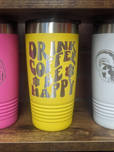 20 oz Engraved Drink Coffee Be Happy tumbler
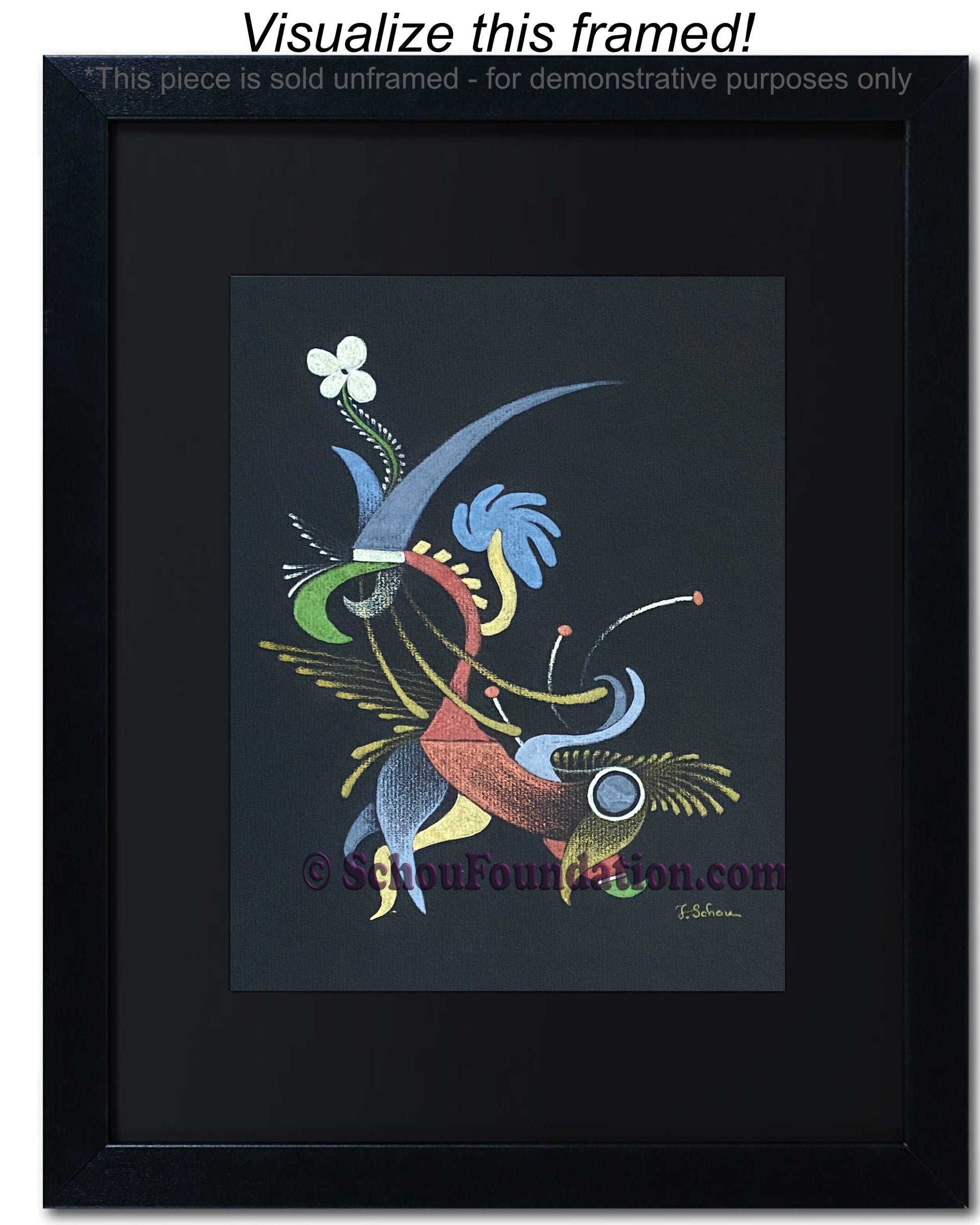 Moderately complex vignette was created with Prismacolor wax pencil on heavy-toothed black paper; part of the Black Paper Series by San Francisco artist John Schou. Piece is signed and dated April 1967.
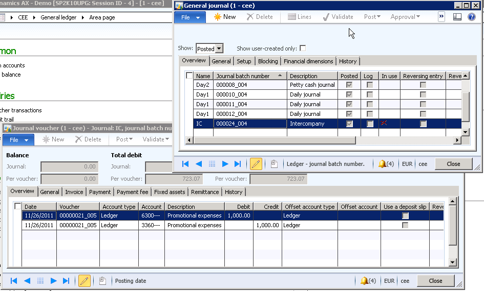 We will do this in the CONTOSO dataset. Let us say that the CEU is the source company and CEE in the destination legal entity and CEE ordered some stationary for promotional events, for which the finance controller of CEU received the invoice. Now the controller needs to post and intercompany entry to record the transaction in CEE.
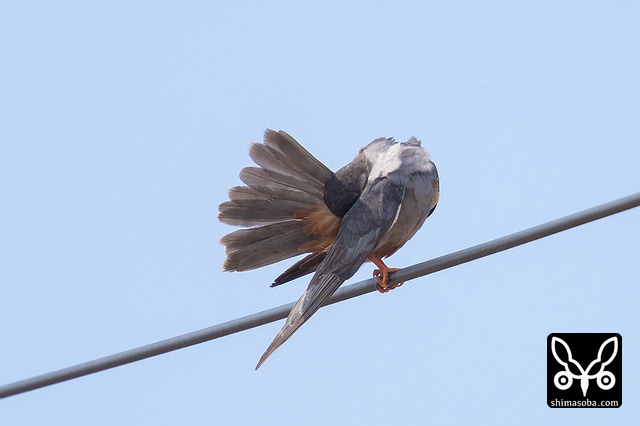 アカアシチョウゲンボウの成鳥オスの背面は美しい青灰色。
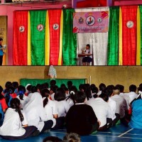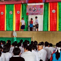 >> กิจกรรมบรรยายให้ความรู้หน้าเสาธงของตัวแทนนักเรียน นำเสนอความรู้เรื่องการบลูลี่ผ่านสื่อออนไลน์
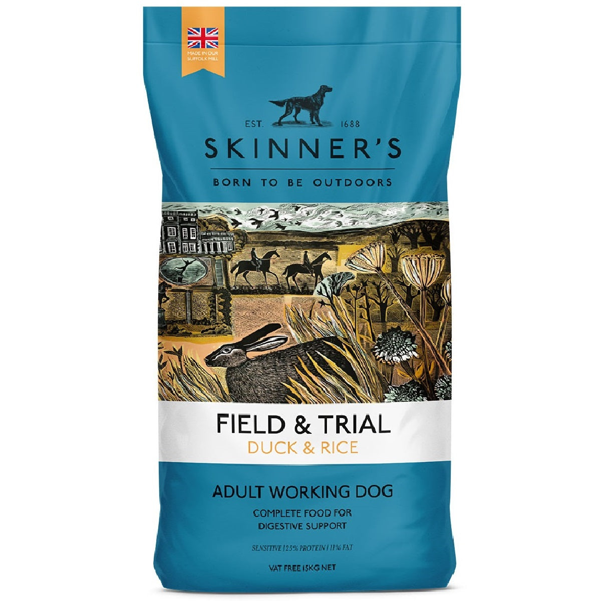 Skinner’s Field & Trial Duck and Rice has been carefully developed to include a protein level of 25% and a fat level of 11% to support the energetic requirements of a range of active dogs, such as working gundogs, agility dogs and active pet dogs. With protein being provided from digestible duck meal, to support muscle integrity and development, and fat to support moderate performance output, Skinner’s Field & Trial Duck and Rice is an ideal choice for a range of dogs. These factors, along with rice supplying digestible carbohydrate as an energy source, means that Skinner’s Field & Trial Duck and Rice constitutes a diet to support the day-to-day requirements of active dogs.

____________________

Activity =
Retype the data above exactly; pictures are not part of the copy.

Exercise result =
 20 oz Engraved Drink Coffee Be Happy tumbler
 Moderately complex vignette was created with Prismacolor wax pencil on heavy-toothed black paper; part of the Black Paper Series by San Francisco artist John Schou. Piece is signed and dated April 1967.
 We will do this in the CONTOSO dataset. Let us say that the CEU is the source company and CEE in the destination legal entity and CEE ordered some stationary for promotional events, for which the finance controller of CEU received the invoice. Now the controller needs to post and intercompany entry to record the transaction in CEE.
 アカアシチョウゲンボウの成鳥オスの背面は美しい青灰色。
 >> กิจกรรมบรรยายให้ความรู้หน้าเสาธงของตัวแทนนักเรียน นำเสนอความรู้เรื่องการบลูลี่ผ่านสื่อออนไลน์
 Skinner’s Field & Trial Duck and Rice has been carefully developed to include a protein level of 25% and a fat level of 11% to support the energetic requirements of a range of active dogs, such as working gundogs, agility dogs and active pet dogs. With protein being provided from digestible duck meal, to support muscle integrity and development, and fat to support moderate performance output, Skinner’s Field & Trial Duck and Rice is an ideal choice for a range of dogs. These factors, along with rice supplying digestible carbohydrate as an energy source, means that Skinner’s Field & Trial Duck and Rice constitutes a diet to support the day-to-day requirements of active dogs.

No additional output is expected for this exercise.